[Opening Dataset entries section]
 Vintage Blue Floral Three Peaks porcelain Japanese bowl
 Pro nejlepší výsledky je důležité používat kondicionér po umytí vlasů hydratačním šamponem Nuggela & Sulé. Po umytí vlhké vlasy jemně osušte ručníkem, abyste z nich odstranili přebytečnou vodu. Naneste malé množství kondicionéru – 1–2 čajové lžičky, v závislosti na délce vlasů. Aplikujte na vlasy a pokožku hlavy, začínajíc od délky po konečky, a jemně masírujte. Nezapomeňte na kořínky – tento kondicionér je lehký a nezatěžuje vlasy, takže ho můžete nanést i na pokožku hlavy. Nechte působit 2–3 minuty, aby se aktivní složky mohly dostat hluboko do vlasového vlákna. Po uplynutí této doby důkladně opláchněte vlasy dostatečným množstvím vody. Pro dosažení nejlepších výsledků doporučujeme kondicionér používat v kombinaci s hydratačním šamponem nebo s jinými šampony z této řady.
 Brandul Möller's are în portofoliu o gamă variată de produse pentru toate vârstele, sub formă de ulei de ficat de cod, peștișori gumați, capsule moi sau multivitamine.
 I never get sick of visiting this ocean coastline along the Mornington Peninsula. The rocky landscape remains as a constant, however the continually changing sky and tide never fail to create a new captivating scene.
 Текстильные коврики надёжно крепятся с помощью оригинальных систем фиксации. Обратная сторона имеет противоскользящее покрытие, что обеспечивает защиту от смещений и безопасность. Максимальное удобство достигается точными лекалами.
[Closing Dataset entries section]
[Opening Dataset entries section]
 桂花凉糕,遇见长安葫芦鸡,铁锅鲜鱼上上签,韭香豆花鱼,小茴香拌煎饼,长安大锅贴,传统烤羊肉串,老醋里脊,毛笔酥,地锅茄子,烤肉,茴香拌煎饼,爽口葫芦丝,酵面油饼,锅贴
[Closing Dataset entries section]
[Opening Dataset entries section]
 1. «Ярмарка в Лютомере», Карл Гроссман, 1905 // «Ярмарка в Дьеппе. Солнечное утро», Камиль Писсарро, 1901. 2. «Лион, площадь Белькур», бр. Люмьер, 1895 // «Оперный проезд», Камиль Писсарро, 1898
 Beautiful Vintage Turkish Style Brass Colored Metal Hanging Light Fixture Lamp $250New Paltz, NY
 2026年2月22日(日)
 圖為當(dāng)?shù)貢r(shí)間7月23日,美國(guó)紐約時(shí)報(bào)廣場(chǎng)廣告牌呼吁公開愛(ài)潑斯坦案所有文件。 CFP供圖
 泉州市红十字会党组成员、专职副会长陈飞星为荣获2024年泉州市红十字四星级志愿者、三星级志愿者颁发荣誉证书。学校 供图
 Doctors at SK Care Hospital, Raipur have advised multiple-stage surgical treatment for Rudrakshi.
[Closing Dataset entries section]
- **Exercise objective**
Find where the line with "Brandul Möller's are" sits in the material above, then copy exactly from it through the line with "Текстильные коврики надёжно". Add no other line.

- **Solution for this problem**
 Brandul Möller's are în portofoliu o gamă variată de produse pentru toate vârstele, sub formă de ulei de ficat de cod, peștișori gumați, capsule moi sau multivitamine.
 I never get sick of visiting this ocean coastline along the Mornington Peninsula. The rocky landscape remains as a constant, however the continually changing sky and tide never fail to create a new captivating scene.
 Текстильные коврики надёжно крепятся с помощью оригинальных систем фиксации. Обратная сторона имеет противоскользящее покрытие, что обеспечивает защиту от смещений и безопасность. Максимальное удобство достигается точными лекалами.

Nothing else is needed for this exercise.